When Are You Playing Something Else?
by Will Hindmarch | Sep 1, 2010 | Design, Question, RPGs | 32 comments
If it takes more than 15 minutes or one page of text to “summarize” the points of deviance, then you have reached escape velocity. (Note that the specific rules, e.g., an alternate magic system, might run longer than that. But, you should be able to say, “D&D 4e with the psionics rules from 1e added in and all non-human races are actually aliens from other realities.”)
Strictly speaking, the answer to this is that it can’t be answered by any particular fixed point in the transformation, but by:
1) Whether a community feels it has reached this tipping point.
2) Whether an small play group feels the same.
3) The ability and will to reconcile differences in perspective on games as played versus game as culture label (“real D&D”) at both levels, and between levels.
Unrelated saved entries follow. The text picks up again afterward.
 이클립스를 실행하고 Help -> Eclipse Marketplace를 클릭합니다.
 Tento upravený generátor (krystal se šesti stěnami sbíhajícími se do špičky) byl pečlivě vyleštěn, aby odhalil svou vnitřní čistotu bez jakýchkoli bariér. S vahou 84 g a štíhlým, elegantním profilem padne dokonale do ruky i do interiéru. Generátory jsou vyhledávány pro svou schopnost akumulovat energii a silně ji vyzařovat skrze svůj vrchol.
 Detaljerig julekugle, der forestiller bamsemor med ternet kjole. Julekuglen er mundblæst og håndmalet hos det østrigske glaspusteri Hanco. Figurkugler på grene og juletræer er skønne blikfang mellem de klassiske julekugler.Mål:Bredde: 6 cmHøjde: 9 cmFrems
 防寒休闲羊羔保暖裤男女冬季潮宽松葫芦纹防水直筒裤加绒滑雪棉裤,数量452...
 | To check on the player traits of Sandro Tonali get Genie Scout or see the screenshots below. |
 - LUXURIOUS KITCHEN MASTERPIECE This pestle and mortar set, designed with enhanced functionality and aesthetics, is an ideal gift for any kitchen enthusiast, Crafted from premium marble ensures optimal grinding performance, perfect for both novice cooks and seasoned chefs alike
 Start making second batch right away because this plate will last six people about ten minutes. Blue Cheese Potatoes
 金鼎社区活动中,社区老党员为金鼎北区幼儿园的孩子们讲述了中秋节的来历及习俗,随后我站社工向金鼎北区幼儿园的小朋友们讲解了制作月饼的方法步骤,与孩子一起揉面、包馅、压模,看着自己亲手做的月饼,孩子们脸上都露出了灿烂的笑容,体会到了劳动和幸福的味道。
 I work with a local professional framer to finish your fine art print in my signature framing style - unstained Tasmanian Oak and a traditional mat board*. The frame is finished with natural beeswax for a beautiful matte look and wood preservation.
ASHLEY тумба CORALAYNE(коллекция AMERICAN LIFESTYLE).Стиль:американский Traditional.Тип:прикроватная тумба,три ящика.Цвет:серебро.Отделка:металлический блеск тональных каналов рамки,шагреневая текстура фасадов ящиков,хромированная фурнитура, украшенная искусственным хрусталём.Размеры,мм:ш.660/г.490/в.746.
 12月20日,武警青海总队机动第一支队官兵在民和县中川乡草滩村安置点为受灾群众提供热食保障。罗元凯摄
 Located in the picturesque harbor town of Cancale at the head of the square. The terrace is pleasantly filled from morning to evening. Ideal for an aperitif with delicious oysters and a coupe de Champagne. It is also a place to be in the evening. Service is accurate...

4) Noticeable shifting of one’s operations and creative goals on some deeper than superficial level.
At one extreme end we have games that obviously are different RPGs to the vast majority of participants, and where opinions that, say Vampire is the same as D&D are considered to be fringe, and on the other we have OSR bleating about half a dozen versions of D&D and their cousins, or the WotC’s marketing-driven attempt to deeply split AD&D1 and 2.
Now you may get a game that tries to enforce parameters about what it is and isn’t, like AD&D1 as portrayed in Gary Gygax’s old columns, or Apocalype World. These have as much standing as the community and groups let them have. Sometimes designers want that authority. Sometimes they want it without wanting to admit it, so they say that their authority is embedded in the game.
There are good and bad reasons to seek this authority over what a game “really” is. Moral considerations matter. For example, I know of at least one case where Mage: The Ascension’s Technocracy stuff was used to fuel the violent, fascist fantasies of a religious bigot. Dogs in the Vineyard was used to run the Waffen SS. It’s okay to say that this level of douchebaggery isn’t part of the game. It’s not as good an idea to say that a GMing style you personally don’t like “disqualifies” a game.
Re Lugh, from one of my STs: “How big does the font have to be?”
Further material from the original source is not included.